[THE DATA]

-- Opening Marker --

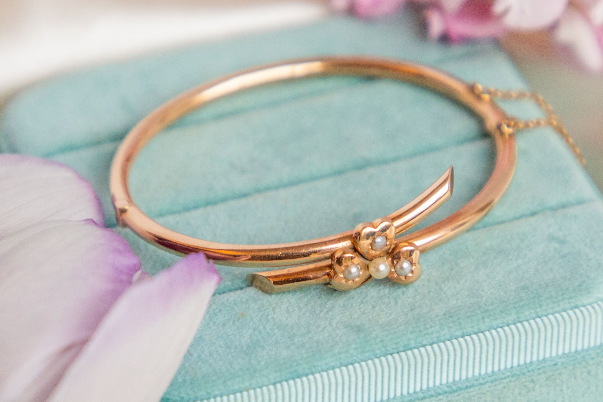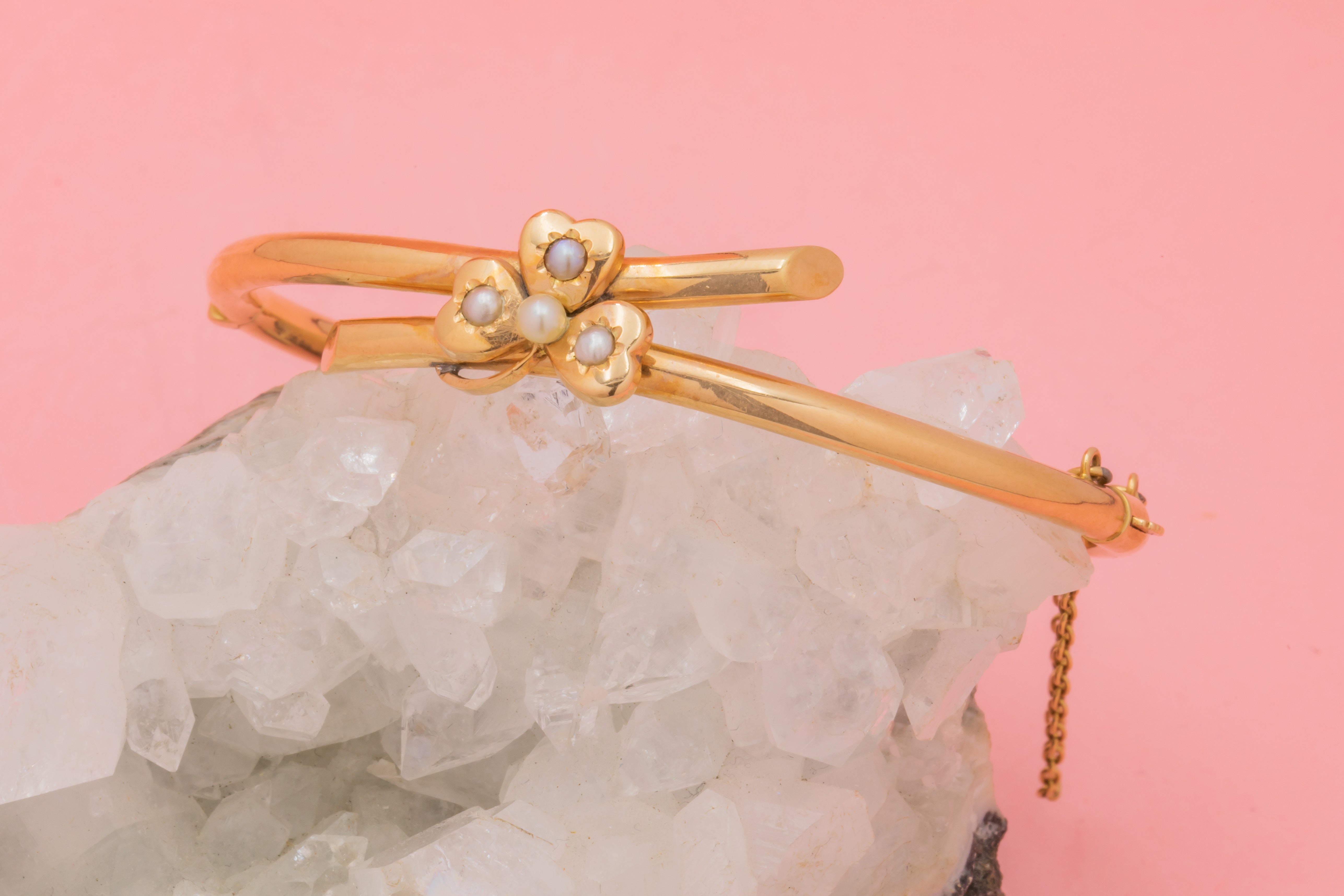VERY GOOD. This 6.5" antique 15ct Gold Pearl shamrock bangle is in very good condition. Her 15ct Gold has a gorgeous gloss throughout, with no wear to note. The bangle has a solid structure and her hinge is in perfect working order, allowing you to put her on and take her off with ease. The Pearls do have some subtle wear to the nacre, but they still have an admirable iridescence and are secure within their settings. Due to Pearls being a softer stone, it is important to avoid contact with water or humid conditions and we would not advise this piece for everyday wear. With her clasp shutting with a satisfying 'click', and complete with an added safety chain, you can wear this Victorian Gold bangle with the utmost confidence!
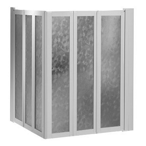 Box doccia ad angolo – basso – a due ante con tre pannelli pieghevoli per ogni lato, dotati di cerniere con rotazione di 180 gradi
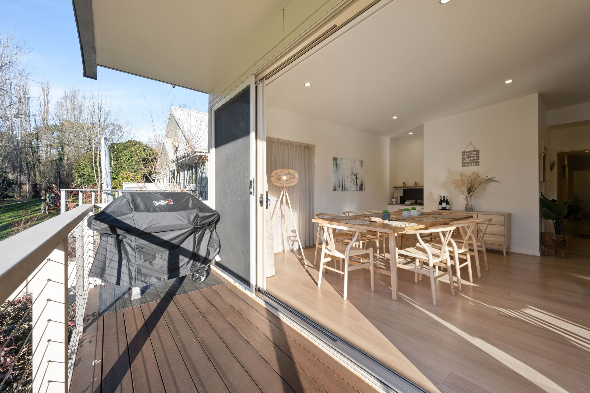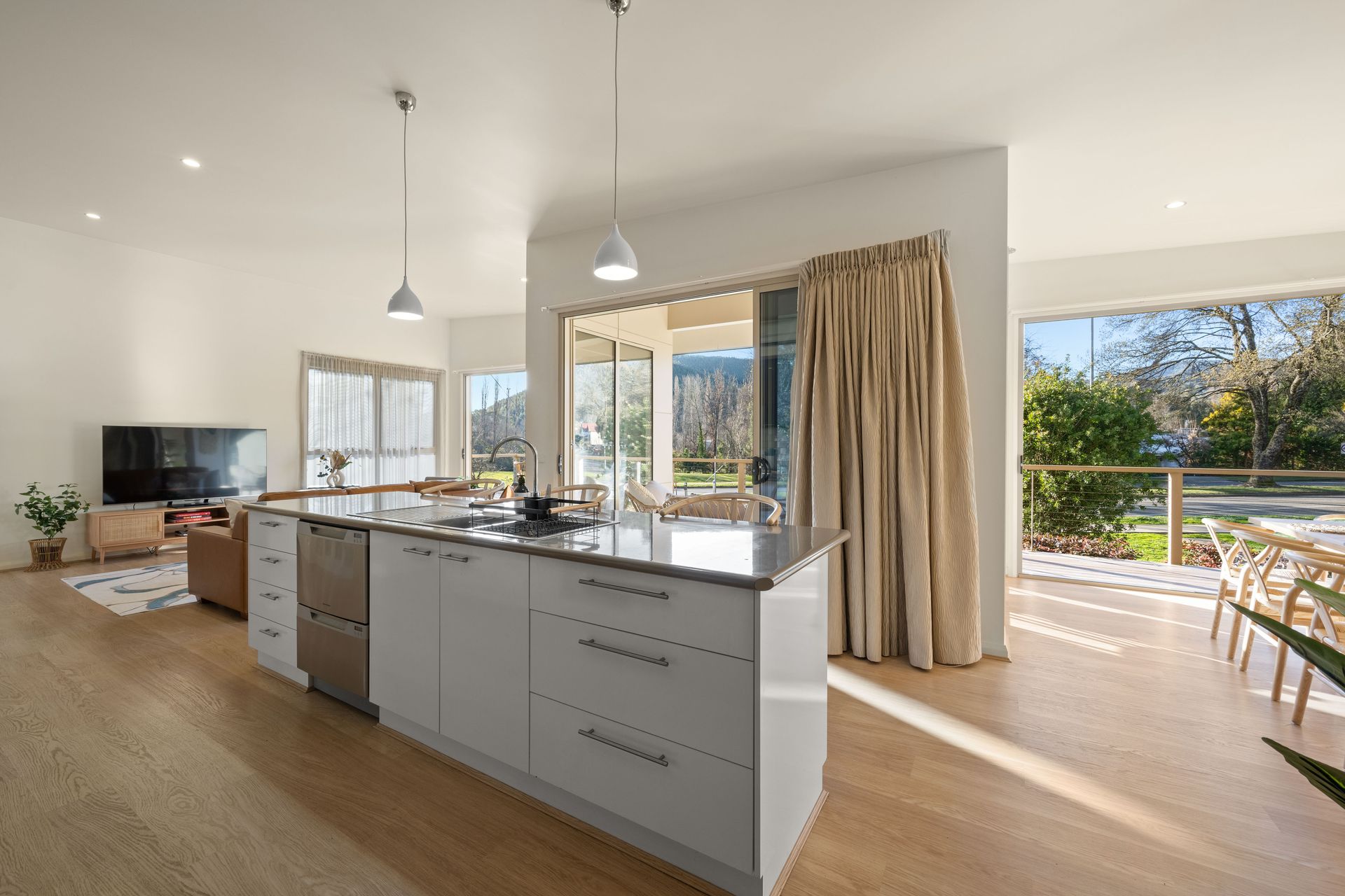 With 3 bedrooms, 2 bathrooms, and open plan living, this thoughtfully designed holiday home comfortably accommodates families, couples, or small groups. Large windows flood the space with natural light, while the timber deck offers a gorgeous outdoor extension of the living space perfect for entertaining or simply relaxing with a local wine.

-- Closing Marker --

[TASK GOAL]
The answer must be the full listing, exact in every line, with the pictures removed.

[RESPONSE]
VERY GOOD. This 6.5" antique 15ct Gold Pearl shamrock bangle is in very good condition. Her 15ct Gold has a gorgeous gloss throughout, with no wear to note. The bangle has a solid structure and her hinge is in perfect working order, allowing you to put her on and take her off with ease. The Pearls do have some subtle wear to the nacre, but they still have an admirable iridescence and are secure within their settings. Due to Pearls being a softer stone, it is important to avoid contact with water or humid conditions and we would not advise this piece for everyday wear. With her clasp shutting with a satisfying 'click', and complete with an added safety chain, you can wear this Victorian Gold bangle with the utmost confidence!
 Box doccia ad angolo – basso – a due ante con tre pannelli pieghevoli per ogni lato, dotati di cerniere con rotazione di 180 gradi
 With 3 bedrooms, 2 bathrooms, and open plan living, this thoughtfully designed holiday home comfortably accommodates families, couples, or small groups. Large windows flood the space with natural light, while the timber deck offers a gorgeous outdoor extension of the living space perfect for entertaining or simply relaxing with a local wine.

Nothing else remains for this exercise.